Every new query that arrived, every SELECT, every INSERT, every UPDATE against either table, lined up behind the waiting migration. Not behind the long-running analytics query. Behind the migration that was waiting for the analytics query. Within ninety seconds, the connection pool was exhausted. The authentication service, which needed the customers table for every single login, started throwing errors. [serious] The API went dark. <break time="1s"/> Twenty minutes of complete downtime, caused by a migration that would have taken less than half a second if it had gotten the lock immediately.

[worried] The real danger was not the SQL itself. It was invisible contention. While the migration waited for its turn, the database became completely unresponsive to all traffic. The lock queue, not execution time, created the bottleneck.

That developer wrote a postmortem. They changed how their team does migrations forever. And their story is one of hundreds like it, because schema migrations are the single most dangerous routine operation in all of software engineering. Not because they are complex. Because they look simple.

This is episode six of the Vibecoder's Guide to Postgres. Last time we went deep on indexes, how B-trees work, when to create them, and why your AI tool adds them in all the wrong places. Today we are talking about the thing that makes every developer sweat. Changing a table that already has data in it. The migration.

What Is a Migration, Actually

Here is the core problem. Your application changes. You add features, remove features, rename things, restructure things.

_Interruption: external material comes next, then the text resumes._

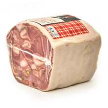 This traditional cold-cut combines all pig head cuts—like cheek, tongue, snout—slow-cooked, mixed with spices, liquor and pistachios, then pressed and vacuum-packed to preserve flavor and freshness.

But your database schema, the shape of your tables, was defined at some earlier point when your understanding of the problem was worse. The schema needs to evolve along with the code. A migration is a versioned, ordered set of instructions that transforms your database from one shape to another.

Think of it like this. Your application is a building. The schema is the foundation. A migration is the process of modifying the foundation while people are still living in the building. You can see why this might be stressful.

The simplest migration adds a column to a table. ALTER TABLE users ADD COLUMN last_login TIMESTAMP. One line of SQL. The more complicated ones rename columns, change data types, split tables apart, merge tables together, add constraints, create indexes, or restructure relationships. Some of these operations take milliseconds. Some take hours. Some lock your entire table while they work. And the difference between a migration that completes invisibly and one that brings down your production system often comes down to a single keyword or a missing clause.

Every migration framework, regardless of language, does roughly the same thing. It keeps a list of migrations that have been applied to the database, stored in a special table. When you deploy new code, it checks which migrations have not yet been applied and runs them in order. Alembic does this for Python. Prisma Migrate does it for JavaScript and TypeScript. Django has its own built-in system. Flyway and golang-migrate do it for Java and Go. They all solve the same problem. They all fail to protect you from the same dangers.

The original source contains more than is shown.